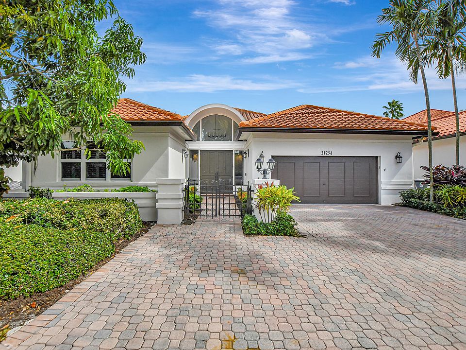 Stunning single-story home on a golf course. Open floor plan with split bedrooms. Impressive upgrades including impact glass, generator hook-up, and newer roof. Luxurious master bedroom suite with separate dressing area and lavish master bath. Guest bedrooms with their own bathrooms. Fully equipped kitchen with top-of-the-line appliances. Great Room with wood cabinetry, custom bar, and a sub-zero wine cooler. Electronic shades in master bedroom and Great Room. Retractable awning for convenience. Pool and patio with golf course views. Boca Grove is a prestigious country club community with mandatory membership. Fee schedule available upon request.
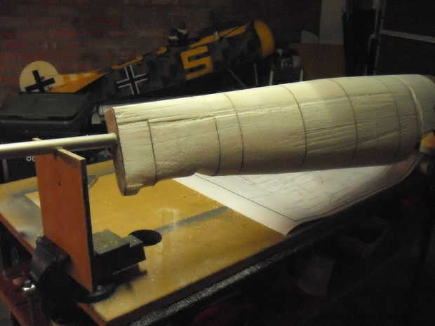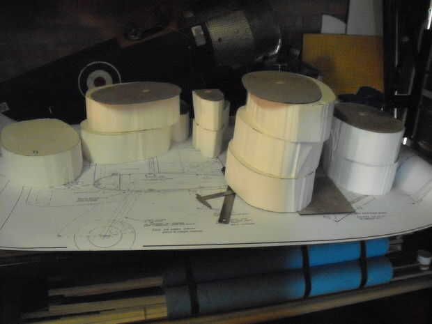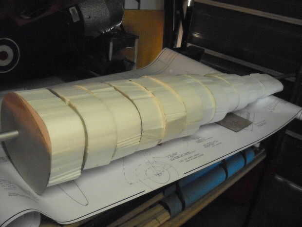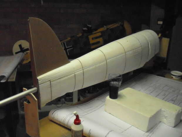 Después de que todos los formadores de secado en lugar caliente toda la espuma sobrante de alambre luego bloque de lija en el fuselaje. las cuadernas de nariz corta, donde luego aplicamos y recibió el mismo treatment.once que esto fue todo más o menos arena utilizamos espuma en aerosol para cubrir los lados del estabilizador vertical. Esta fue una solución rápida y lija fácilmente. Creo que resultó bastante bien.
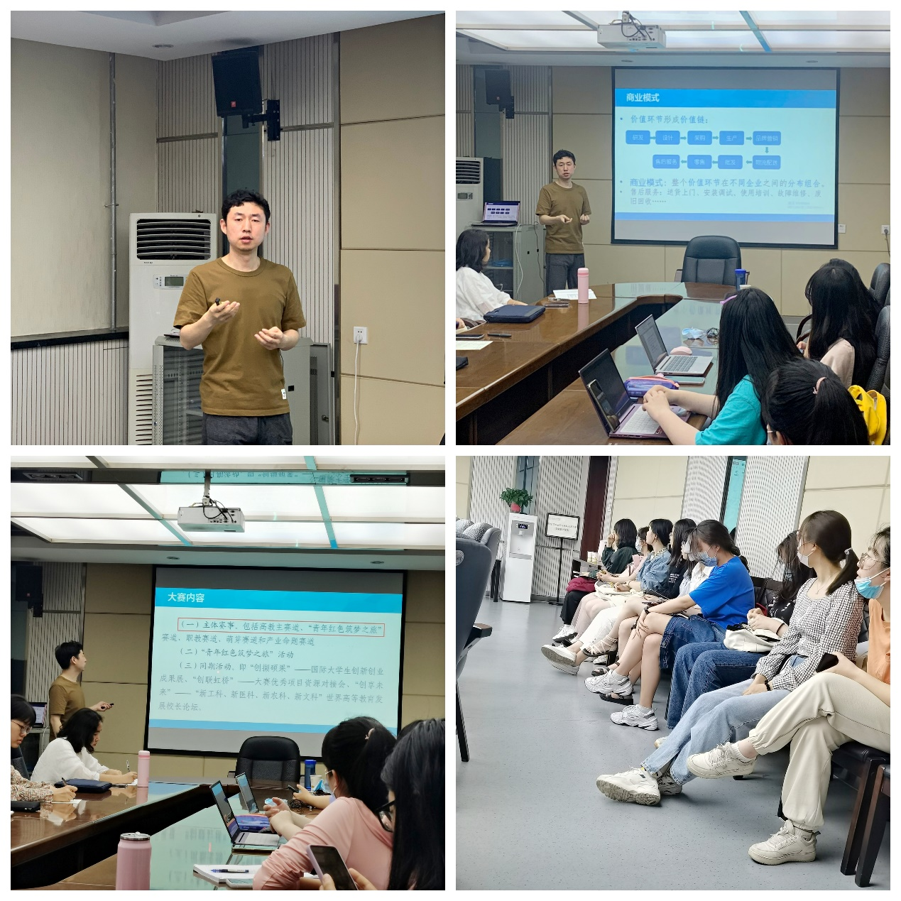 首先,郭玉晶老师从“互联网+”、老员工创新创业大赛等比赛项目背景出发,向大家阐明各赛事的不同特点,介绍开展项目设计的总体思路以及如何开展创业计划项目。接下来,细致讲解参赛要点,从项目定位、市场规模、产品介绍等关键环节,着重展示商业计划书的写作方法和路演汇报的呈现技巧。
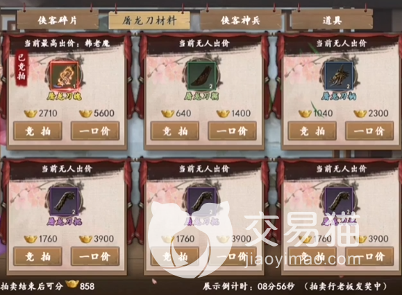 所有这些材料中,刀魄和刀尖的价格都是最高的,因为涉及到升20星,所以起拍价都需要两千多元宝。而目前屠龙刀的最高星级也就是20星。剩下的一些材料起拍价都会稍微低一些,最便宜的只要几百元宝,如果不小心买多了材料玩家们也可以低价卖出去来稍微回本。
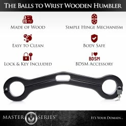 Predicament bondage at its simplest and finest. Whatever will your poor, pathetic plaything do while you tweak their nipples, spank their ass, and tease their cock? Answer: absolutely nothing! This humbler closes around their balls and wrists in front of the body, rendering them completely helpless to your every wicked desire. They won’t be able to move their hands to defend themselves, and any attempt will yank painfully on their scrotum! One end of the humbler has a hinge that allows it to smoothly open and close on your victim, while the other has a locking clasp so that they are entirely at your mercy…
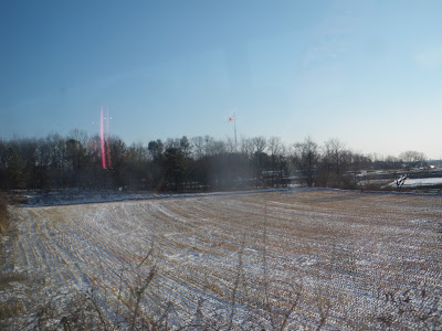 An excellent view into North Korea. Most of these photos are taken from the bus. In fact Panny and I were lucky that we were sitting on that side, as everything to our right out Panny’s window was in North Korea. Snow covered the nearby fields, trees stretched into the distance and beyond that (except for the massive North Korea flag) lies mountains and the real North Korea. The nearest real North Korean city to the border is Kaesong. That is without counting the fake, uninhabited “Propaganda Village” known as Kijongdong. And of course without also counting the border straddling DMZ village of Panmunjom (a “village” which is in theory in both countries).
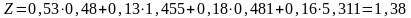 По модели Лиса величина Z-счета для анализируемого предприятия равна:
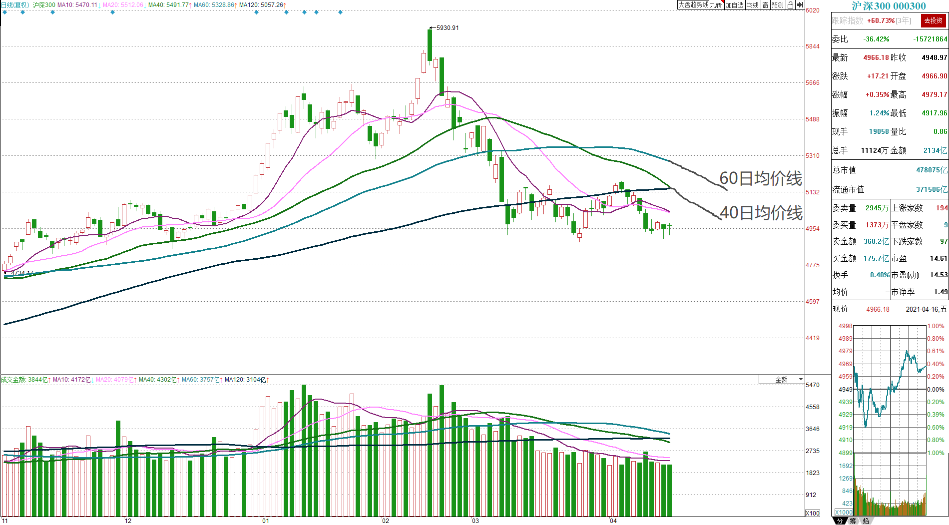 向上,依然会受困于40、60日周期的盘跌抑制和阻碍,这个情况,我们早前已经说明了。整个4月份无法改变40日均价线的盘跌态势,而即便把5月份走完,也改变不了60日均价线的下跌势头。
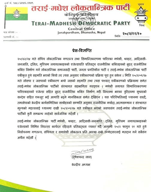 उनले जारी गरेको विज्ञप्तिमा भनिएको छ,‘तराई–मधेश लोकतान्त्रिक पार्टी मधेशी, थरुहट, आदिवासी–जनजाति, दलित, मुस्मिललगायतकाहरुको एजेण्डाको निम्ति निरन्तर कार्यरत ररिहने प्रतिबद्धता व्यक्त गर्दै आगामी २०८२ फागुन २१ गते हुने निर्वाचनमा गणतन्त्र, संघीयता र समावेशी लोकतन्त्रप्रति आस्था राख्ने उम्मेदवारलाई मतदान गर्न सवैसँग अपिल गर्दछौं ।’
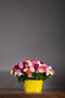 A custom powded-coated can spreads autumnal beauty interesting combination of Carnation stems along with exotic foliage
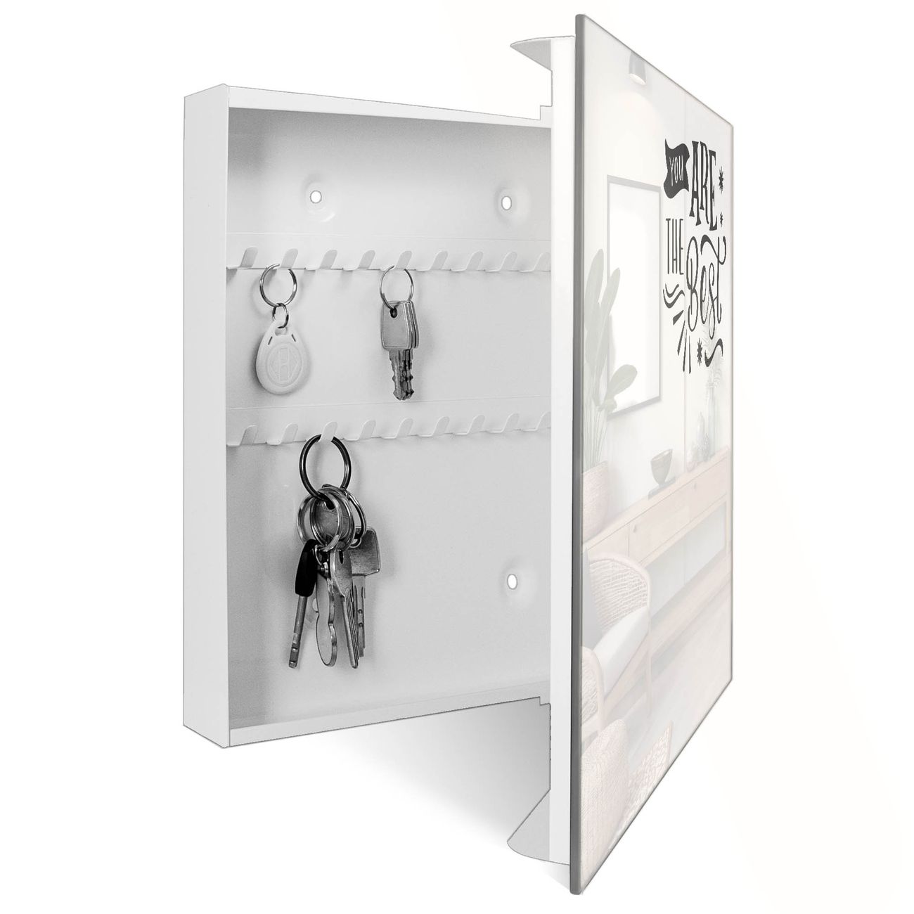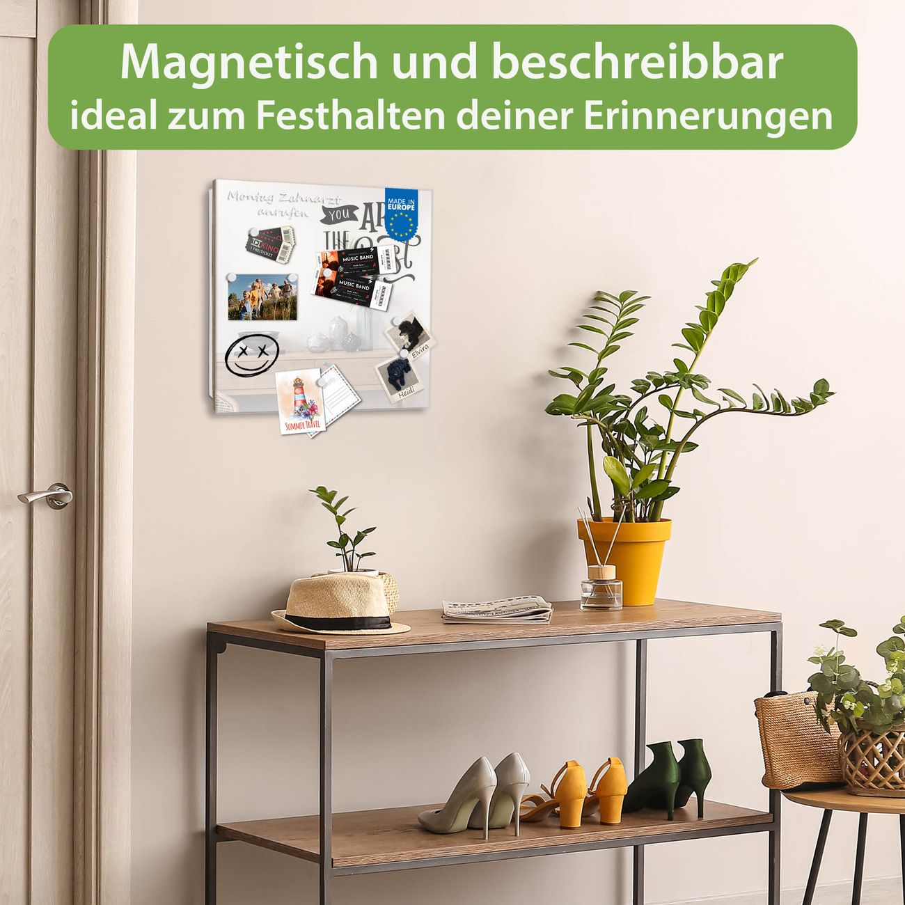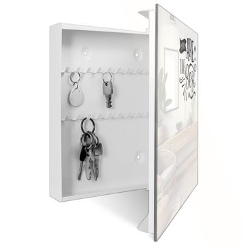 Bringe Ordnung und Eleganz in deinen Eingangsbereich mit dem banjado Schlüsselkasten Motiv Motiv Motivationsspruch. Die moderne Schlüsselbox kombiniert funktionales Design mit hochwertiger Verarbeitung und wird so zu einem echten Hingucker in Flur, Büro oder Ferienwohnung. ✅ Stilvolle Schlüsselaufbewahrung mit Glasfront im Motiv Motiv Motivationsspruch Der Design-Schlüsselkasten Motiv Motiv Motivationsspruch bietet Platz für bis zu 50 Schlüssel, die auf 5 stabilen Reihen mit je 10 Haken übersichtlich verstaut werden. Mit seinen kompakten Maßen von 30 x 30 x 5 cm passt die Schlüsselbox perfekt auch in kleinere Räume. Der weiß lackierte Stahlkorpus mit rechts angeschlagenem Türscharnier harmoniert mit der Glasfront und fügt sich nahtlos in jedes Wohnambiente ein. Ob als Schlüsselorganizer für Zuhause oder als praktische Lösung für Büros, Praxen und Gewerbe, der banjado Schlüsselkasten sorgt für Ordnung und Übersicht. Dank der magnetischen, mit Kreidestiften beschreibbaren Glasfront kannst du Notizen anheften oder Termine direkt auf der Oberfläche festhalten. Die Schlüsselbox Motiv Motiv Motivationsspruch zur Wandmontage wird inklusive Befestigungsmaterial geliefert und ist schnell angebracht. So hast du deine Schlüssel jederzeit griffbereit und zugleich stilvoll verstaut. Mit diesem banjado Schlüsselkasten Motiv Motiv Motivationsspruch kombinierst du praktische Aufbewahrung mit stilvollem Wohndesign. Ob privat oder geschäftlich, die Schlüsselbox sorgt für mehr Ordnung, Übersicht und ein wohnliches Ambiente.Vorteile im Überblick

● ● ● ●

● **INSTRUCTIONS FOR THE TASK**
Set down, exactly as written above, each line from the one with "向上,依然会受困于40、60" through the one with "A custom powded-coated", and skip the pictures.

● **EXERCISE RESULT**
 向上,依然会受困于40、60日周期的盘跌抑制和阻碍,这个情况,我们早前已经说明了。整个4月份无法改变40日均价线的盘跌态势,而即便把5月份走完,也改变不了60日均价线的下跌势头。
 उनले जारी गरेको विज्ञप्तिमा भनिएको छ,‘तराई–मधेश लोकतान्त्रिक पार्टी मधेशी, थरुहट, आदिवासी–जनजाति, दलित, मुस्मिललगायतकाहरुको एजेण्डाको निम्ति निरन्तर कार्यरत ररिहने प्रतिबद्धता व्यक्त गर्दै आगामी २०८२ फागुन २१ गते हुने निर्वाचनमा गणतन्त्र, संघीयता र समावेशी लोकतन्त्रप्रति आस्था राख्ने उम्मेदवारलाई मतदान गर्न सवैसँग अपिल गर्दछौं ।’
 A custom powded-coated can spreads autumnal beauty interesting combination of Carnation stems along with exotic foliage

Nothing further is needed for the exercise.